STC is an investment company and its subsidiaries should be viewed as business investments, she said.

Does that mean every business is potentially for sale? 'If we are true to what we say, that we must realise shareholder value, anything at the right price we must consider it for sale. One should not be so married or so emotionally attached that nothing is for sale,' she said.

'But having said that, the considerations are plentiful; it cannot just be today's price, it cannot just be 10 per cent above today's price,' she said. The group is prepared to hold for 20-30 years if that's what it takes, in order for value to be realised.

Calling STC's real estate division as the 'meat' of the group, she is mulling over what the balance should be in terms of how much should be developed for sale and what to hold for rental income.

STC's real estate assets include its flagship Straits Trading Building, a 28-storey building at Battery Road, 4 developed bungalows and 5 plots of bungalow land in Cable and Nathan Roads, 38-unit Gallop Green condominium and a tract of land close to one million square feet in Butterworth, Penang.

Last month, STC announced it had bought over the development of 12 bungalows in Chancery Lane.

For 2009, STC posted net profit of $139.9 million, up 143 per cent from a year ago. The biggest contributor came from its property division which had a pre-tax profit of $135 million against $8.4 million in 2008.

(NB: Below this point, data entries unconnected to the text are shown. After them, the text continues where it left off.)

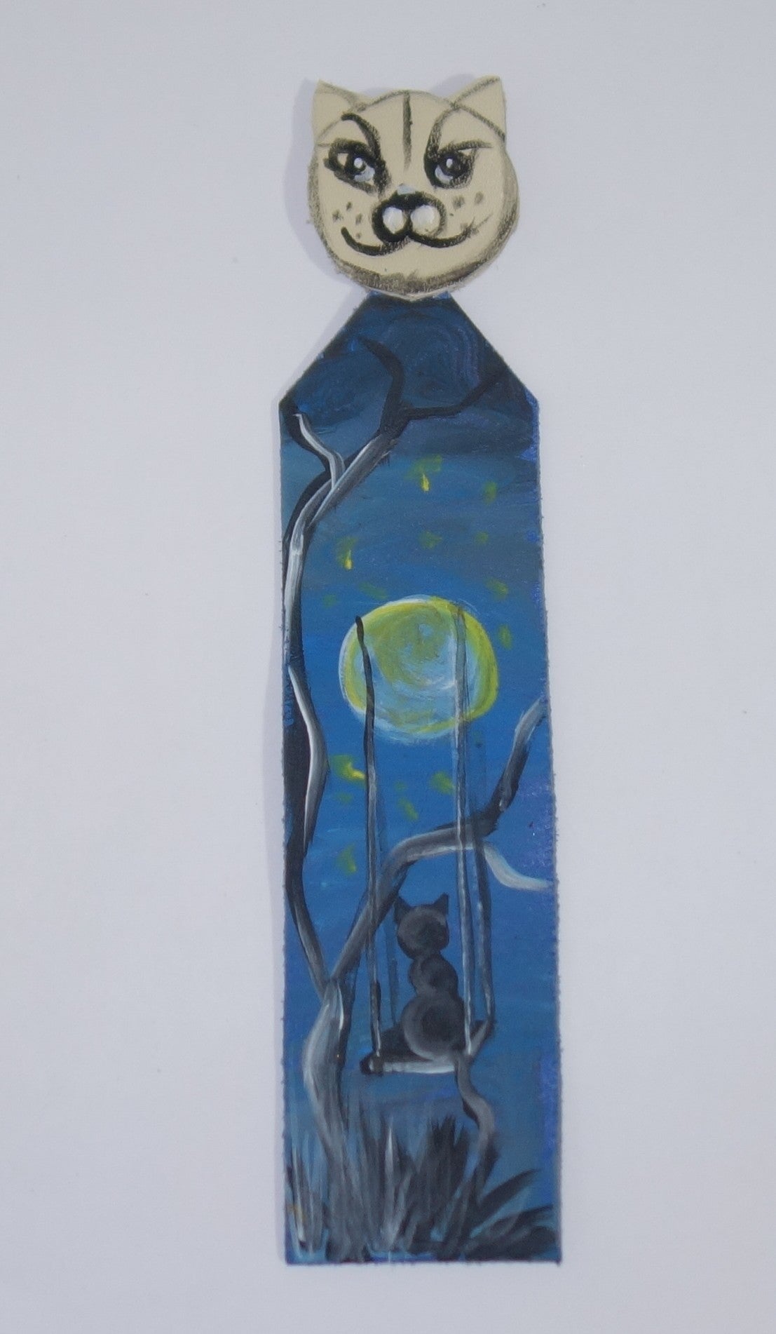 Semn de carte din piele naturala, de 19 x 5 cm, pictat manual. Unicat.
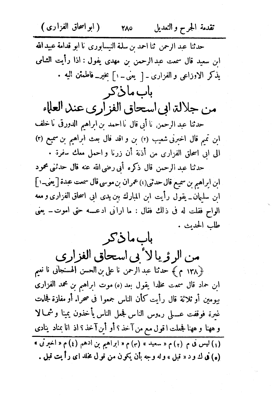 - باب ما ذكر من جلالة أبي إِسحاق الفزاري عند العلماء.
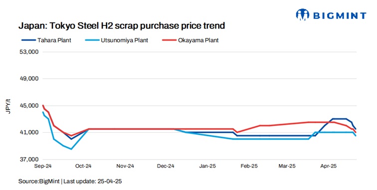 Tokyo Steel has announced its seventh scrap purchase price revision for Apr’25, effective 26 Apr. In this latest round, Tokyo Steel cut prices by JPY 500/t ($4/t) across all plants. The total price cut in April stands at up to JPY 4,500/t ($31/t).
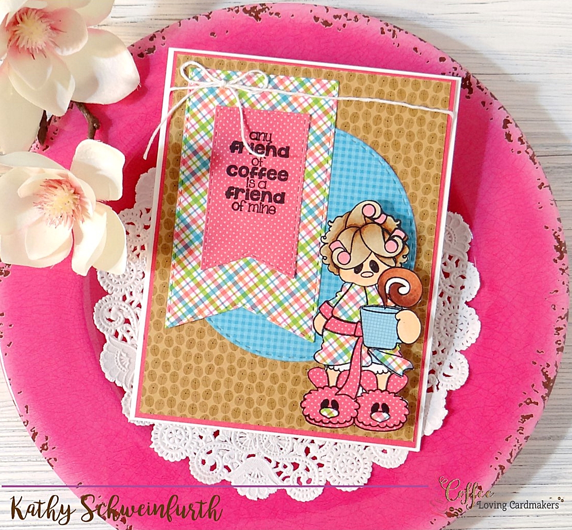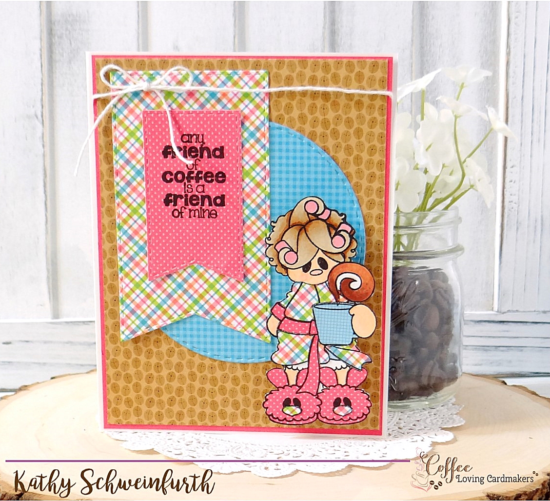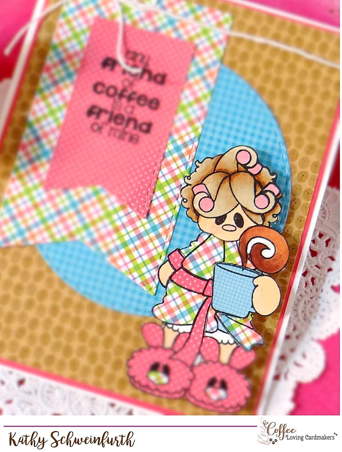 Today, my card features an adorable image and sentiment from Pink & Main called Need Coffee (isn’t that the truth?!) I had fun paper piecing her robe, bunny slippers and coffee cup with pattern paper from Doodlebug Cream & Sugar 6×6 paper pad.
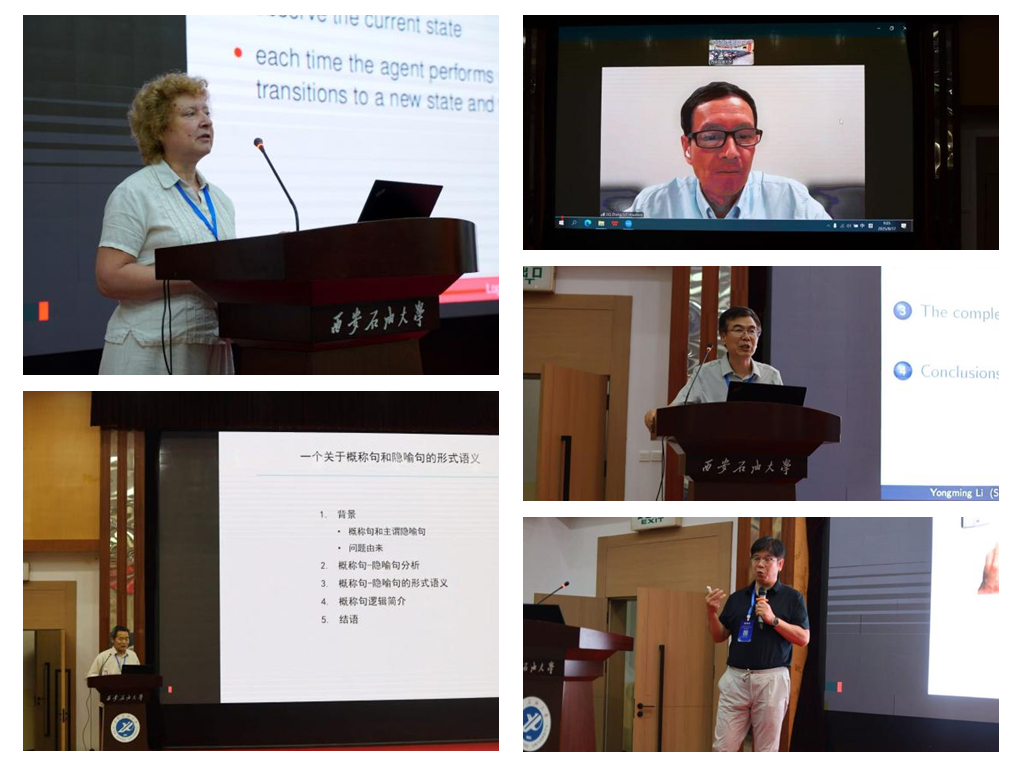 在主旨报告环节,荷兰与佛兰德斯开放大学的Natasha Alechina教授、山西大学周北海教授、德克萨斯大学休斯顿分校张国强教授、陕西师范大学李永明教授、北京大学詹乃军教授分别作了《强化学习的逻辑》《泛型句与隐喻句的形式语义》《集成逻辑:时空推理的统一框架》《可能性时序逻辑:可判定性与完全公理化》《将Hoare逻辑扩展至混合系统》的精彩报告,并与参会代表进行了热烈的讨论。
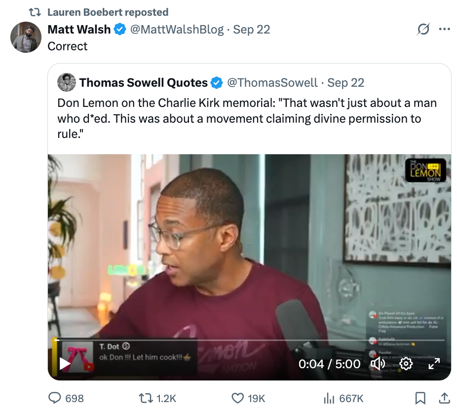 Boebert’s retweet endorsing far-right pundit Matt Walsh’s assertion that the Kirk killing has given the right divine permission to rule as they see fit.
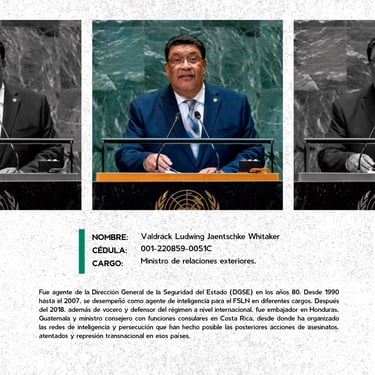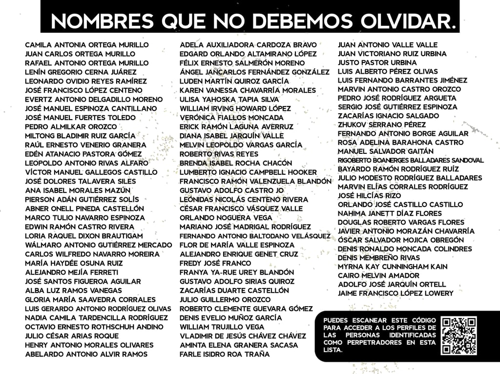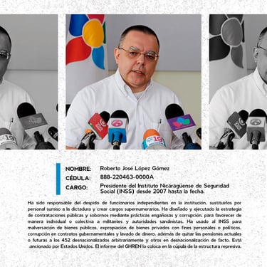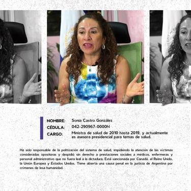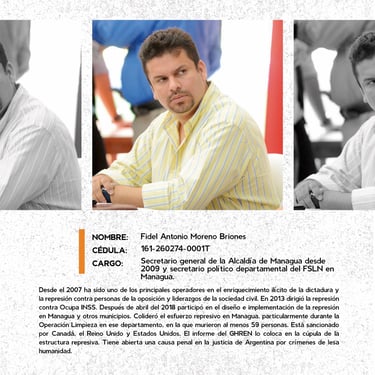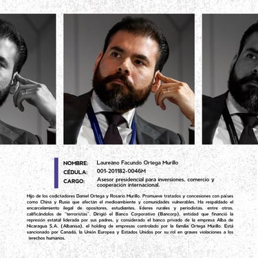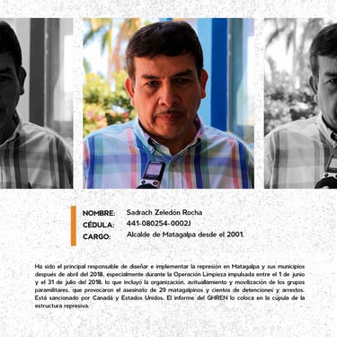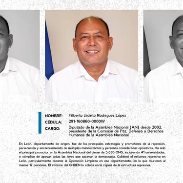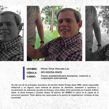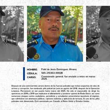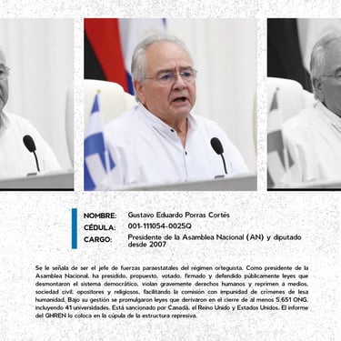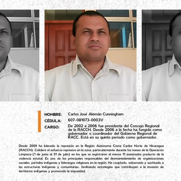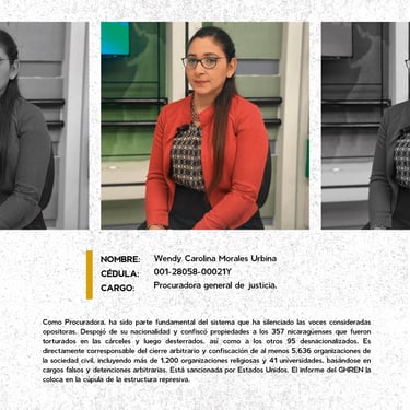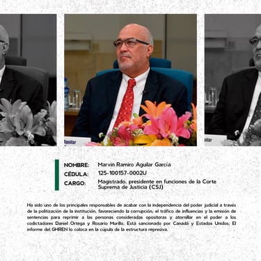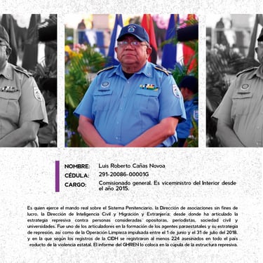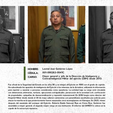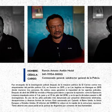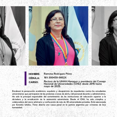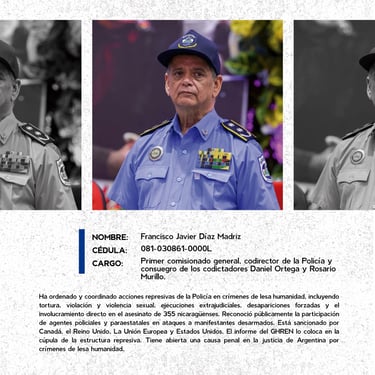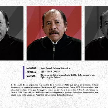 Los perfiles reúnen los nombres, cargos y funciones de los principales responsables de crímenes de lesa humanidad cometidos en Nicaragua entre 2018 y 2025, destacando las estructuras institucionales que sostuvieron la represión estatal. Muestran la coordinación de entidades como la Presidencia, la Asamblea, la Policía, el Ejército, el Ministerio del Interior, el Poder Judicial, el Sistema Penitenciario, el Consejo Nacional de Universidades y gobiernos locales, convertidos en engranajes de violencia contra la población. Se documentan delitos como ejecuciones extrajudiciales, torturas, violencia sexual, desapariciones forzadas, encarcelamientos arbitrarios, destierro, desnacionalización y confiscaciones. La identificación de estos perpetradores y su cadena de mando es crucial para la memoria colectiva, la justicia y la construcción de una democracia que reconozca a las víctimas, repare sus derechos y garantice la no repetición.

Its 73 per cent Malaysia Smelting Corp Bhd (MSC) which is listed in Bursa Malaysia has decided to focus on its original core business, that of mining and smelting tin.

With the shift in direction, MSC has begun a divestment programme for all its non-tin assets. The non-core assets comprise mining stakes in companies in Australia, Philippines, Australia and Indonesia. MSC is one of the top three tin smelters in the world, she said. Tin prices have recovered this year. They are at US$19,000 per tonne versus US$12,000 last year.

Ms Chew also disclosed that for 2010, the remuneration committee has decided she will get a total package of $750,000, three times more than the $250,000 director's fee she received for 2009.